Wann müssen Sie denn raus?
Als Einsatzleiter habe ich Pikett. Ist Schnee angesagt, stelle ich den Wecker auf Viertel nach drei. Nach einer Runde durchs Dorf entscheide ich, wie viele Männer ich brauche, damit die Strassen am Morgen frei sind. Gibts viel Schnee, rufe ich die Kollegen vor 4 Uhr an. Dann pflügen wir bis Mitte Nachmittag. Doch wenn es gefriert, müssen wir noch salzen. Das dauert bis am frühen Abend.
Dann schlafen Sie sehr wenig. Wie stehen Sie das durch?
Mehr als fünf Stunden Schlaf kriege ich dann selten. Und hin und wieder komme ich an den Anschlag. Die Müdigkeit schlägt mir auf das Gemüt. Vor allem, wenn die Leute reklamieren.
Weshalb klagen die Leute?
Manchmal klart der Himmel am Morgen auf. Dann schicke ich nach dem Pflügen alle zum Frühstück. Doch plötzlich schneit es wieder – eine Stunde später liegen 15 Zentimeter Schnee. Sofort rufen Autofahrer an und fragen, ob wir verschlafen hätten. Oder sie tippen sich mit dem Zeigefinger an die Stirn, weil ihre Einfahrt oder die Strasse voll Schnee ist.
Geht Ihnen das unter die Haut?
Wenn ich übermüdet bin, macht es mich fertig. Meine Männer und ich rackern uns ab und als Dankeschön gibts eins aufs Dach. Wir sind doch keine Zauberer: Wenn es einen zünftigen «Chlapf» Schnee gibt, haben wir manchmal schlicht keine andere Wahl, als ihn auch vor den Einfahrten liegen zu lassen.
Verstehen die Leute das nicht?
Die wenigsten. Die meisten fordern beim grössten Schnee noch schwarze Strassen, weil sie in aller Herrgottsfrühe im Büro antreten müssen. Früher hatten die Leute weniger Stress und warteten, bis die Schneeräumer fertig waren – oder sie montierten Schneeketten.

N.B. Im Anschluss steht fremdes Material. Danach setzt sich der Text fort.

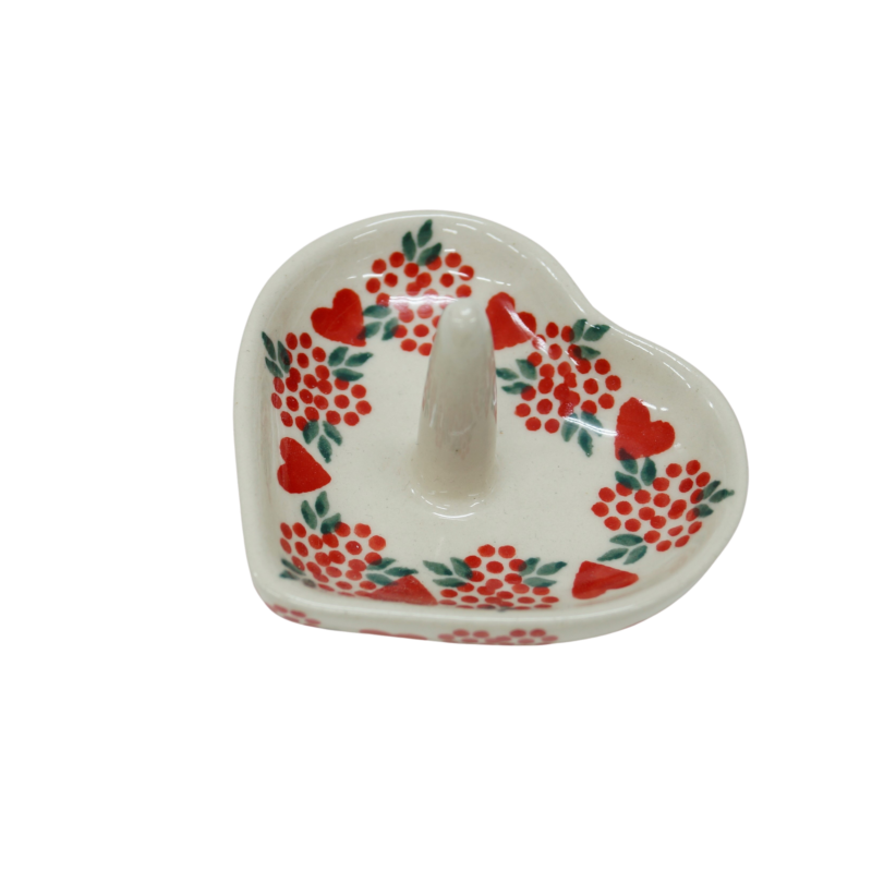 Ceramiczny stojak, podstawka na biżuterię w kształcie serca z trzpieniem. Wyrób ceramiczny dekoracyjny, ozdobionymi podszkliwnymi wzorami, prosto z Bolesławca, to oryginalny i nieoceniony wieszak/stojak dla kobiecych świecidełek. Rewelacyjnie wyglądający dodatek dekoracyjny a zarazem funkcjonalny kobiecej toaletki jak i łazienki, taki który pozwoli na zaprzestanie gubienia biżuterii w całym domu! Ahhh… skąd my to znamy! Dzięki szkliwieniu, jest bardzo łatwy w utrzymaniu czystości. Zawieszona na nim biżuteria taka jak, łańcuszki, kolczyki czy pierścionki będą zawsze pod ręką, ułożone w piękny sposób.

Das klingt wirklich stressig.
Mein Bauch kribbelt manchmal schon ein wenig, weil ich nervös bin.
Warum werden Sie nervös?
Weil ich Nacht für Nacht entscheide, ob ich meine Männer aus dem Bett klingeln muss. Wir sind ein Team von neun Männern. Wenn es schneit, brauche ich jeden. Doch ich muss auch schauen, dass sie zu ihrem Schlaf kommen, damit sie die Saison durchhalten. Das sind schwierige Entscheidungen. Doch ich bin gelassener als früher.
Kommt das mit der Erfahrung?
Ja, es gibt schon Routine. Meine Frau geht zweimal pro Woche singen am Abend, und die Kinder kann ich heute auch mal alleine lassen. Früher war ich gestresst, wenn es dann zu schneien begann. Ich musste schnell einen Babysitter finden. Und die Kinder weinten und fragten: «Weshalb musst du schon wieder raus?» Meine Frau hätte mich natürlich gerne öfters daheim.
Zur Person
Armin Stalder
Der 51-Jährige leitet seit 13 Jahren den Werkdienst in Weggis LU. Im Winter koordiniert er das Schneeräumen und pflügt selber Nacht für Nacht die Strassen frei.